Earlier today the Automatic Data Processing (ADP) monthly payroll employment report was announced at 8:15 a.m. ET. While the majority of Wall Street and anyone who invests in a serious manner dismisses their reports as utter fluffernuttery, there is some things people should analyze before dismissing their data out of hand.
Chief Economist Nela Richardson, of whom I’ve had disagreements with her assessments in the past, summed it up best in today’s ADP press release:
“Though layoffs continue to be rare, a hesitancy to hire and a reluctance to replace departing workers led to job losses last month,” said Dr. Nela Richardson, chief economist, ADP. “Still, the slowdown in hiring has yet to disrupt pay growth.”

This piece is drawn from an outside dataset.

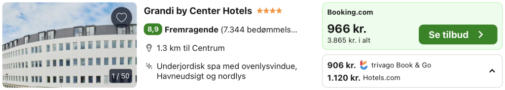 Hvis rejsen er med “Vis rejse” link, så er der tale om en pakkerejse, hvor fly og hotel bestilles på en gang.

So what happened? This chart below for the current era from Investing.com sums up the problem heading into payroll Thursday.

Since the peak of inflation in 2023, there appears to be a non-stop contraction in private payrolls per ADP. Keep in mind they only measure reported private payrolls which are processed where reporting is visible to their data centers, a substantial data size when taken into account.
The accuracy of their reports has long been taken as a “joke” by the media and economic elites, yours truly included, but when a pattern or trend becomes established by any data source it is hard to dismiss out of hand.
Especially when the “official” government data has become so politicized and polluted it’s hard to discern if the data is or is not out for election purposes.
With that rant and commentary in mind, I decided to be cheap, lazy, and quick with my chart of the night. By overlaying the same data series with all revisions currently over the 2004 through winter of 2008 time period, there is some trend analysis that may or may not be worthy of paying attention to.
Granted, it’s not a one for one time period, it’s not identical per capita or population related data, but a trend pattern does appear.
As the economy began to deteriorate in late 2007 through early 2008(darker blue) the declines became repeated and more noticeable; all the while as the NBER and financial media refused to recognize the real recession began in December of 2007.
Are we repeating this pattern?
It’s way too early to tell.
But if I was a serious investor with some skin in the game, I might want to start listening to what those stupid little canaries are singing because it might be a sign of major economic issues on the horizon.